Channon was not mollified. Nothing about this venture made him happy. Not the destination, not Abramm’s limitation of the escort, not the late hour—not even the horse Abramm chose to ride. Especially the horse, a feisty two-year-old dapple-gray stallion named Warbanner, whom everyone from the head groom to Channon himself warned Abramm off.
“He’ll
take you on a wild ride and dump you in a bramble bush somewhere,”
the groom had predicted.
“We’ll be lucky to find you with nothing but bruises
and wounded pride.”
Which only stiffened Abramm’s resolve to have
this
horse.

As they set off across the formal grounds, young Warbanner prancing and tossing his head, Channon rode as close as the colt’s ill temper allowed, positioning himself and his five men to cut off any attempts at bolting. Abramm hid his amusement and let the man alone. He and Warbanner had already reached an understanding as to who was in control, and as soon as they cleared the formal grounds and entered the preserve itself, he loosened the rein and nudged the young horse’s sides. It took only a nudge—Warbanner’s speed change was explosive, and his prodigious stride soon left Channon and the others in his dust.
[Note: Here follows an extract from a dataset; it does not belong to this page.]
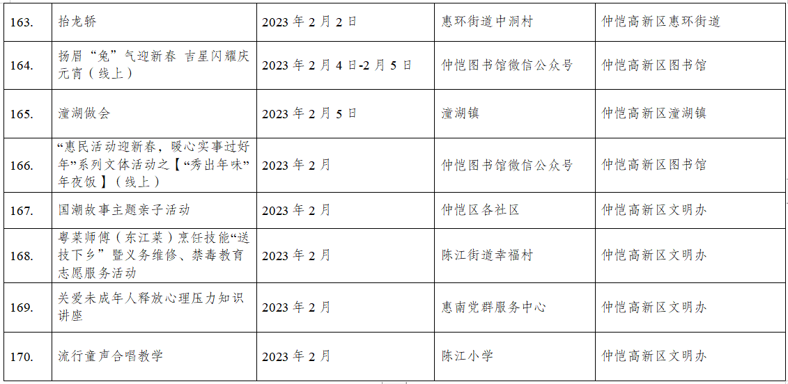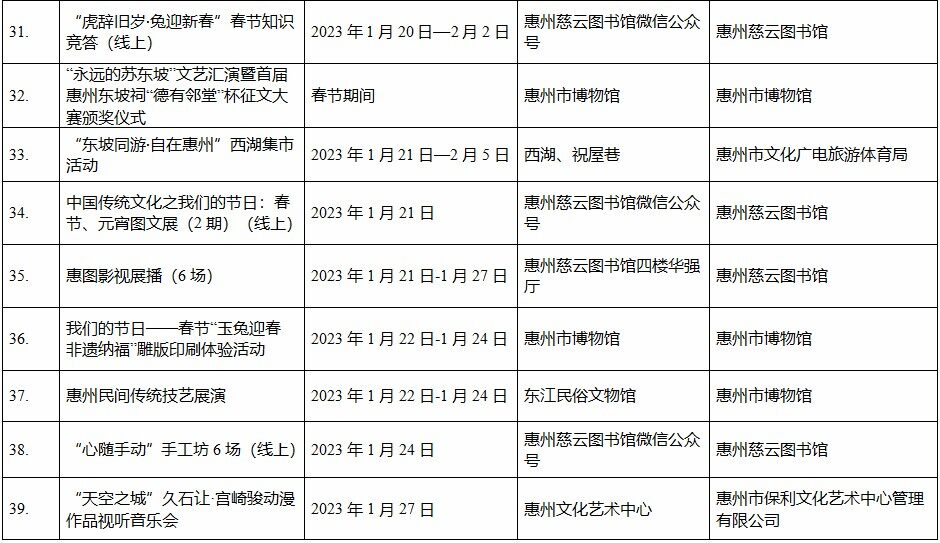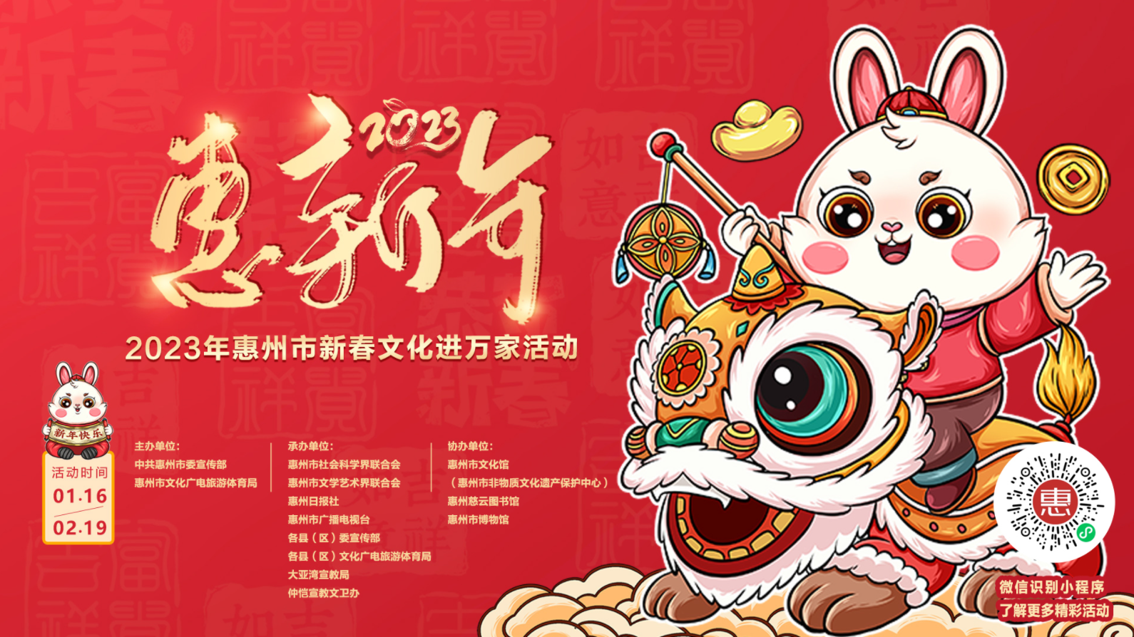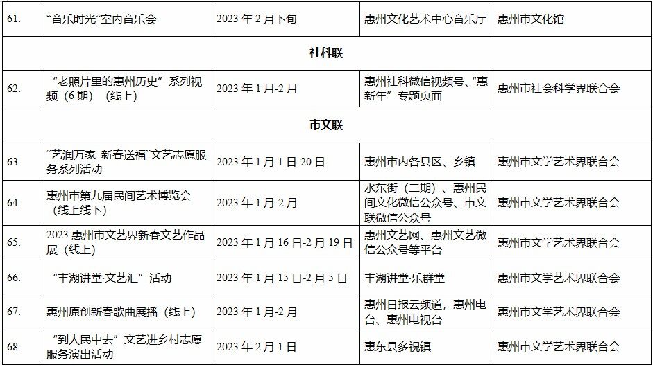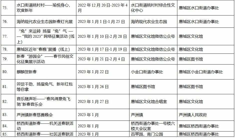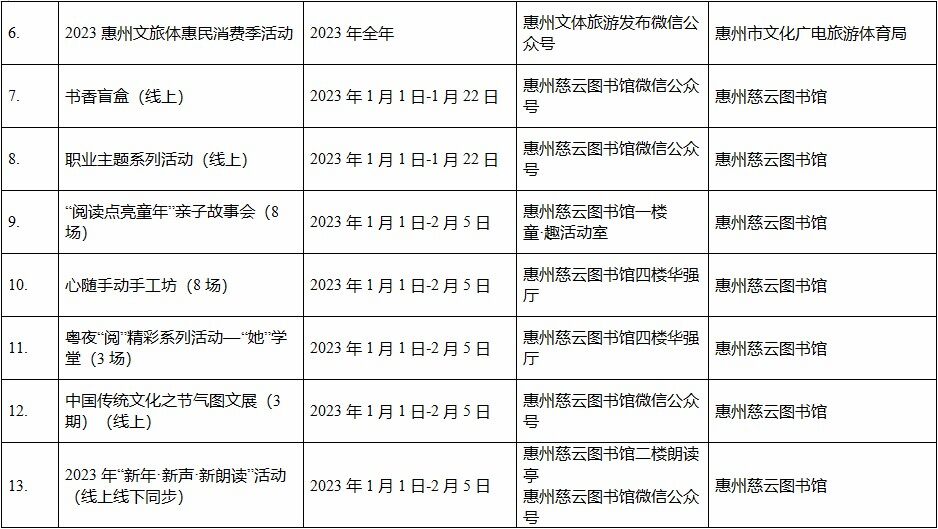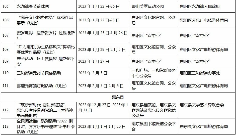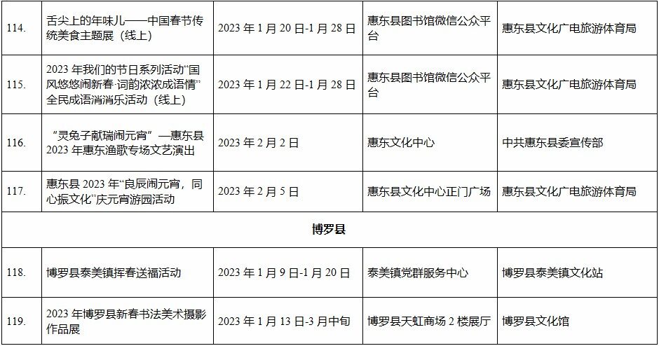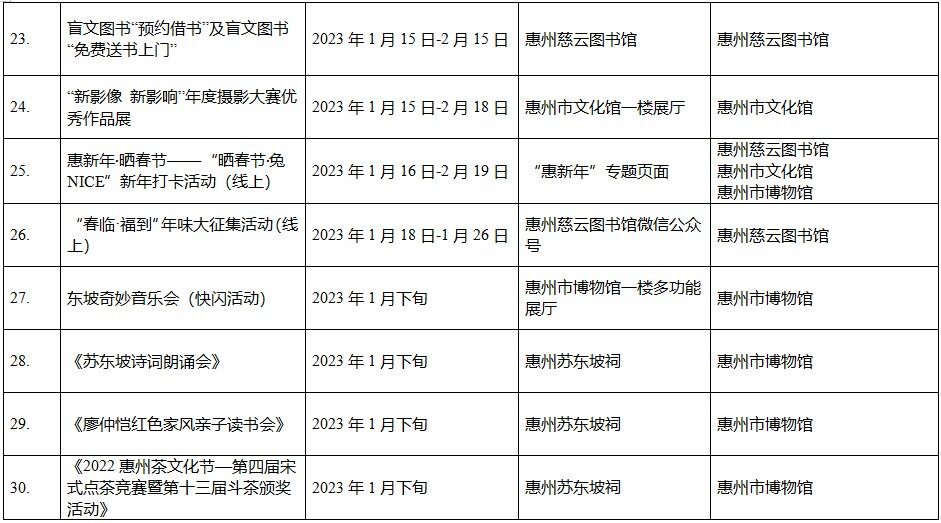 到各大公共文化場(chǎng)館打卡、參加線上線下各類文化活動(dòng)、感受傳統(tǒng)中國(guó)年味、云上賞戲劇……1月15日,記者從市委宣傳部獲悉,“惠新年”——2023年惠州市新春文化進(jìn)萬(wàn)家活動(dòng)將于1月16日全面啟動(dòng)。活動(dòng)將持續(xù)到2月19日,覆蓋整個(gè)農(nóng)歷新年,惠州市委宣傳部將統(tǒng)籌組織各縣(區(qū))、市直宣傳文化單位力量,開展逾170場(chǎng)主題線上線下活動(dòng),進(jìn)一步營(yíng)造喜慶、團(tuán)結(jié)、祥和的節(jié)慶氛圍,讓廣大市民游客在惠過(guò)年游得舒心、玩得盡興。

Keeping a light hand on the reins, Abramm crouched over the animal’s neck, exulting in the wind on his face, the clatter of hooves on the hardpacked, dirt road, the golden glory of the grasslands flying past, and the exhilarating sense of
freedom
. He let the colt slow on his own, savoring the smell and feel of the horse as he reveled in the scenery. Copses of hickory and oak, leaves just starting to turn, stood interspersed amid a rolling expanse of grassland, all ashimmer in the afternoon light. By the time his escort finally caught up again—dust-cloaked, windblown, and breathing hard—he felt himself renewed already.

As overhead a few gulls wheeled on the updrafts, their raucous cries sounding grace notes alongside the jingle of the horses’ tack and the
thud-clop
of their hooves, Abramm turned his mind to the day’s events. This morning he’d delivered his first official address to the combined Upper and Lower Tables. Recalling Shemm’s advice to speak from the heart and get to the point, he’d told them of Esurh.
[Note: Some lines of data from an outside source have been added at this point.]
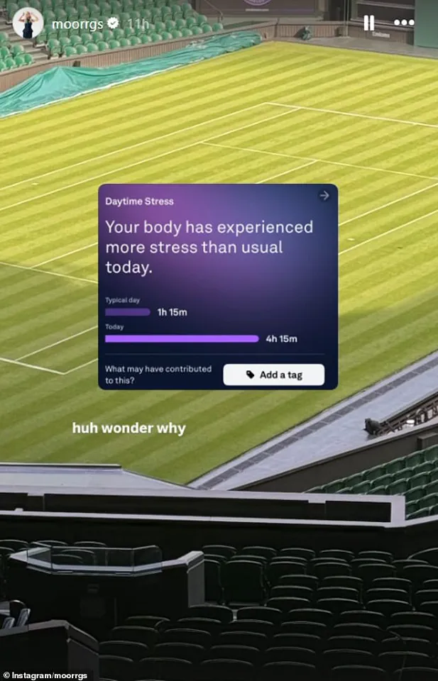In a series of stories, she revealed data from her personal fitness tracker, showing that her stress levels spiked to an unprecedented 4 hours and 15 minutes on Monday—compared to a typical day, where her stress duration is around 1 hour and 15 minutes.
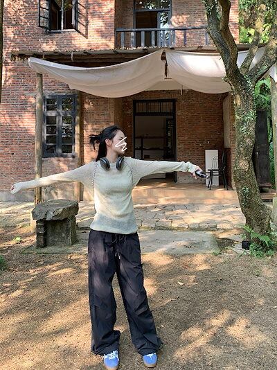 2024 春 透け感UP tシャツ ファッション 韓国 トップス デザイン カットソー イラストエンジェル 長袖丈パンツ
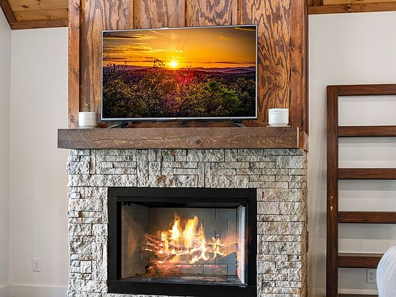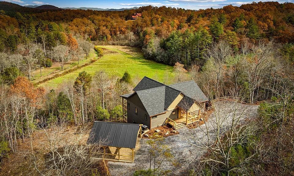 This exceptional new-construction retreat elevates modern mountain living, perfectly situated to capture sweeping pastoral and long-range mountain views. Set in a serene and private location, the home features an open, well-designed floor plan that blends comfort, style, and functionality. The main level offers refined living with two bedrooms and two full baths, including a beautifully finished primary suite with a spacious walk-in closet and a spa-inspired bath. The expansive great room showcases upgraded stainless steel appliances, luxury vinyl plank flooring, Corian countertops, and custom wood cabinetry—with a hidden walk-in pantry adding a thoughtful touch. The kitchen and dining area flow seamlessly into the living room, highlighted by a dramatic floor-to-ceiling stone fireplace that exudes rustic elegance. A split-bedroom layout ensures privacy for guests. The lower level enhances the home's versatility with a generous bonus room perfect for a second family space, recreation area, or media lounge, along with two additional bedrooms and a full bath to comfortably accommodate visitors. Covered decks on both levels extend the living space outdoors, offering ideal areas for gatherings or quiet moments surrounded by natural beauty. A two-car carport provides ample parking, while an upgraded landscaping package further elevates the property's appeal. Convenient proximity to shopping and dining in Blue Ridge and Murphy, NC, along with easy access to the nearby casino, ensures both comfort and entertainment are close at hand. Low-maintenance exterior siding and a 1-year builder's warranty complete this package!

How he’d seen the shipyards at Qasok and Usul, and the armies of the Black Moon and the new Supreme Commander, heir to the slain Beltha’adi.
“I have watched their Games and listened to their boastings of Destiny,”
he’d said.
“The Taking of Springerlan, The Rending of the Northland, The Surrender
of the King of Kiriath—those are the names of their Game-tales. They mock us as
a race of womanish comfort-seekers without the backbone to fight, worthy only to
be conquered. And conquer us they will if we do not prepare.”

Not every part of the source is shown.